IN THE UNITED STATES DISTRICT COURT FOR THE EASTERN DISTRICT OF CALIFORNIA
January 10, 2013
FAIRFIELD-SUISUN UNIFIED SCHOOL DISTRICT PLAINTIFF,
FAIRFIELD-SUISUN UNIFIED SCHOOL DISTRICT, COUNTERDEFENDANT
Minor defendant and counterclaimant B.S. has moved for the court to appoint his mother Donna S. as his guardian ad litem. (Pet. For App't of Guardian Ad Litem, ECF 16.) Plaintiff and counterdefendant Fairfield-Suisun Unified School District has not filed an opposition. For the reasons discussed below, the court GRANTS plaintiffs' request.
Federal Rule of Civil Procedure 17(c)(2) provides: A minor or an incompetent person who does not have a duly appointed representative may sue by a next friend or by a guardian ad litem. The court must appoint a guardian ad litem -- or issue another appropriate order -- to protect a minor or incompetent person who is unrepresented in an action.
When the court determines that the interests of a minor or incompetent person are adequately protected, an appointment under Rule 17(c)(2) is not necessarily required. United States v. 30.64 Acres of Land, More or Less, Situated in Klickitat County, State of Wash., 795 F.2d 796, 805 (9th Cir. 1986); M.S. v. Wermers, 557 F.2d 170, 174 (8th Cir. 1977). For example, no guardian ad litem was necessary in a case where a minor plaintiff "assert[ed] her own statutory and constitutional rights independent of her parents, . . . . [did] not seek monetary relief but raise[d] statutory and constitutional claims aimed at declaratory and injunctive relief, . . . . [and was] represented by able and experienced counsel." T.H. v. Jones, 425 F. Supp. 873, 877 (D. Utah 1975). See also Jacobs v. Board of Sch. Com'rs, 490 F.2d 601, 604 (7th Cir. 1973), vacated on other grounds by Board of Sch. Com'rs of City of Indianapolis v. Jacobs, 420 U.S. 128 (1975) (determining that district court did not abuse its discretion by refusing to appoint guardian ad litem after considering that suit was based on constitutional issues and did not demand significant monetary recovery).
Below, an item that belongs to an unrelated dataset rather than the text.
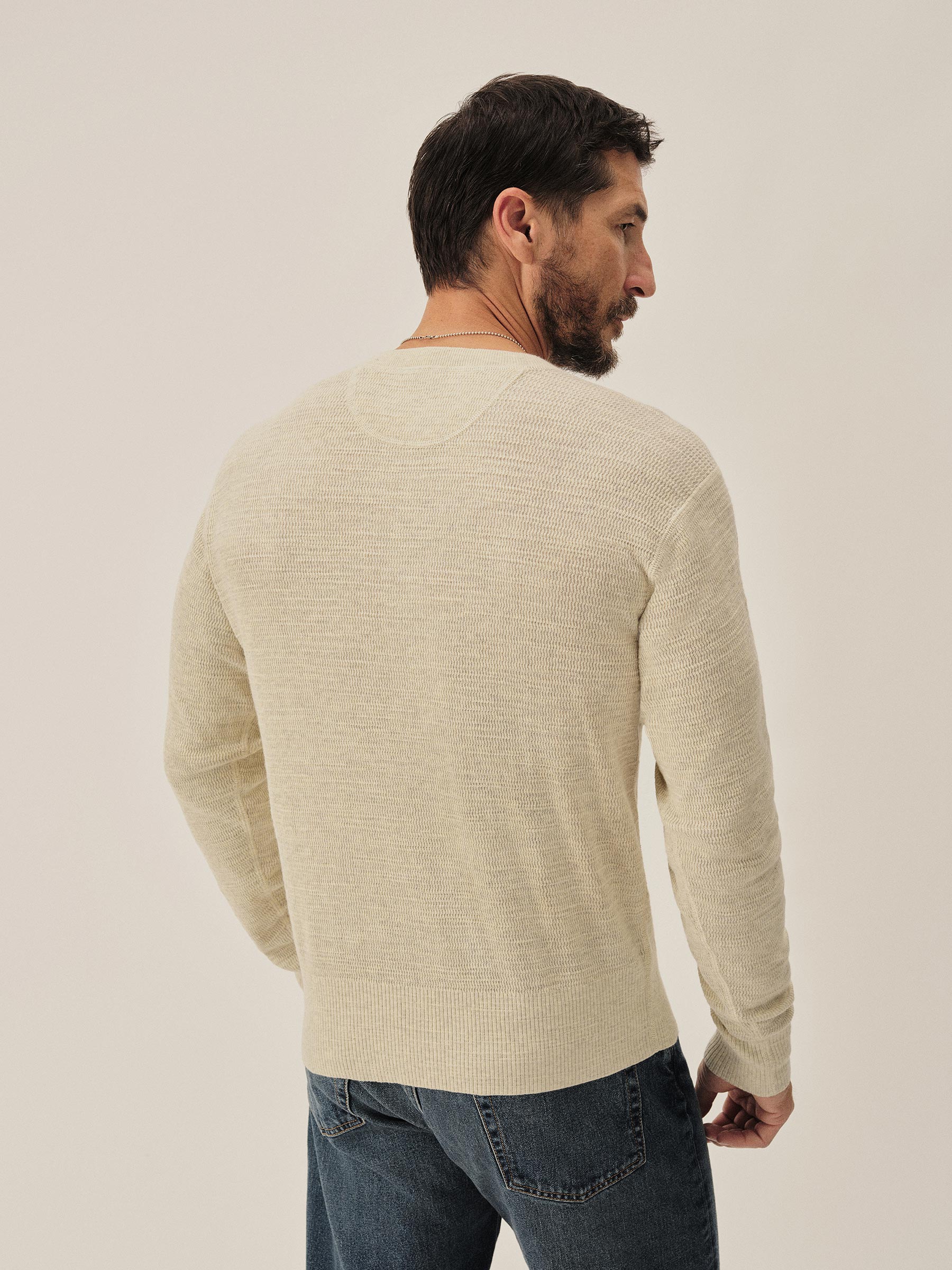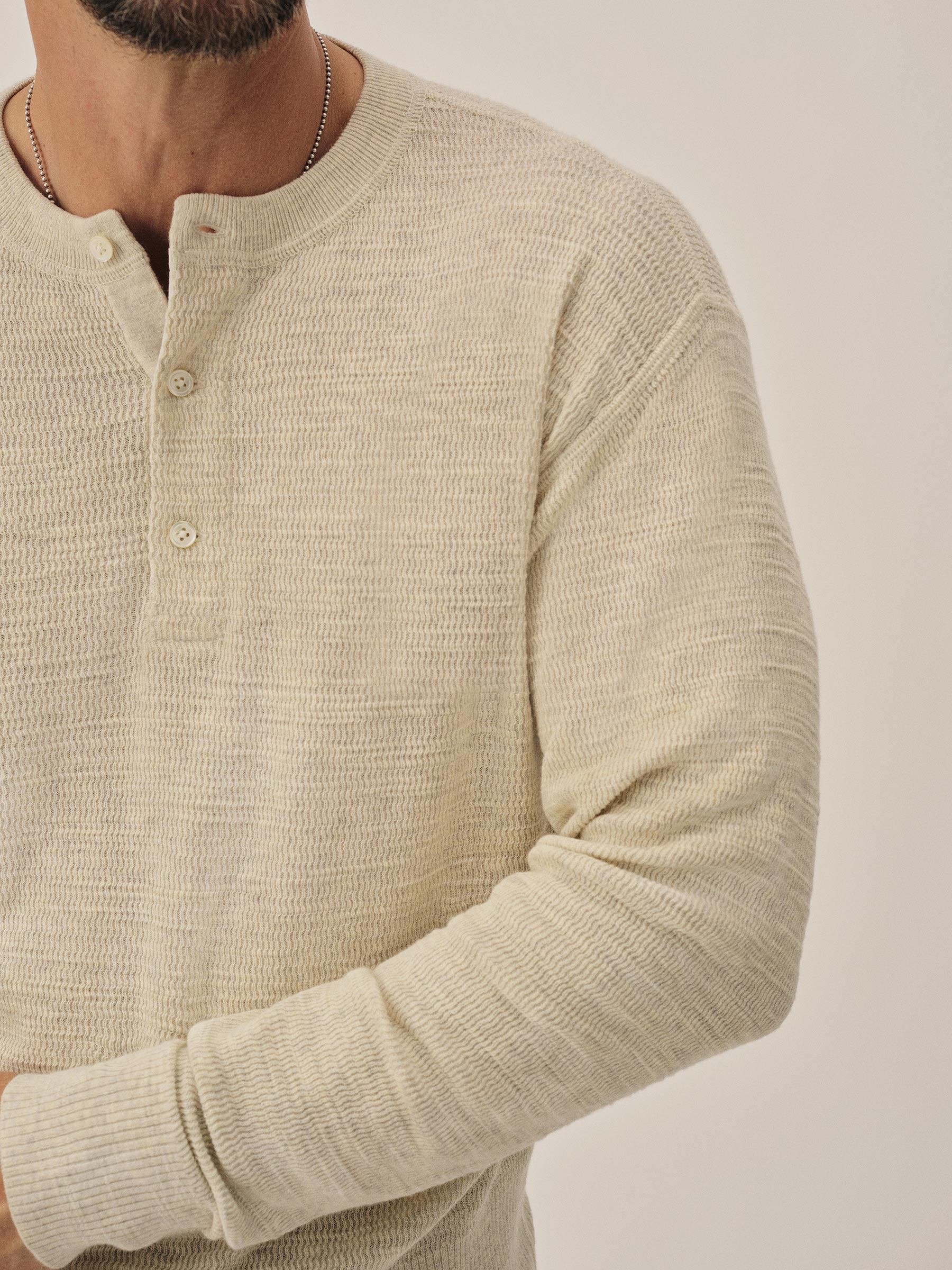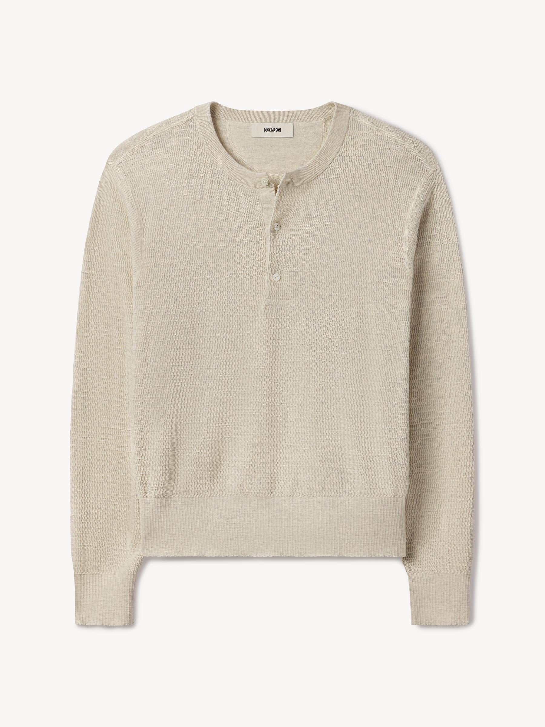 A standard fit, vintage-inspired thermal stitch henley crafted from slubby, yarn-dyed cotton. Featuring variegated rib finishes at the cuffs and bottom hem, and coverstitching along the seams. Finished with a three button shell closure.

At the same time, with reference to Rule 17, this court's Local Rules provide: Upon commencement of an action or upon initial appearance in defense of an action by or on behalf of a minor or incompetent person, the attorney representing the minor or incompetent person shall present (1) appropriate evidence of the appointment of a representative for the minor or incompetent person under state law or (2) a motion for the appointment of a guardian ad litem by the Court. See Fed. R. Civ. P. 17(c).
As B.S. has expressly requested the appointment of a guardian ad litem, the court considers the request without considering whether B.S.'s interests are otherwise protected. See M.S., 557 F.2d at 174 (no authority for proposition that district court's appointment of a guardian ad litem was determined to be an abuse of discretion).
The appropriate choice for a child's guardian ad litem is typically his or her parent. See Burke v. Smith, 252 F.3d 1260, 1264 (11th Cir. 2001); Gonzalez v. Reno, 86 F. Supp. 2d 1167, 1185 (S.D. Fla. 2000), aff'd sub nom. Gonzalez v. Reno, 212 F.3d 1338 (11th Cir. 2000). However, courts should not appoint parents as guardians ad litem when there is a conflict between the interests of the minor children and those of the parents. Compare M.S., 557 F.2d at 175 (parents were inappropriate guardians ad litem as minor plaintiff filed suit challenging law requiring parental consent for access to contraceptives) with Phelan v. Brentwood Union Sch. Dist., No. C 12-00465 LB, 2012 WL 909294, at *2 (N.D. Cal. 2012) (no apparent conflict of interest based on father's and son's Fourth and Fourteenth amendment claims against son's school and teacher from injuries son suffered at school). Here, Donna S. has no interests adverse to those of B.S. (ECF 16.)
Accordingly, IT IS HEREBY ORDERED:
1. The court GRANTS B.S.'s request to appoint Donna S. as his Guardian Ad Litem.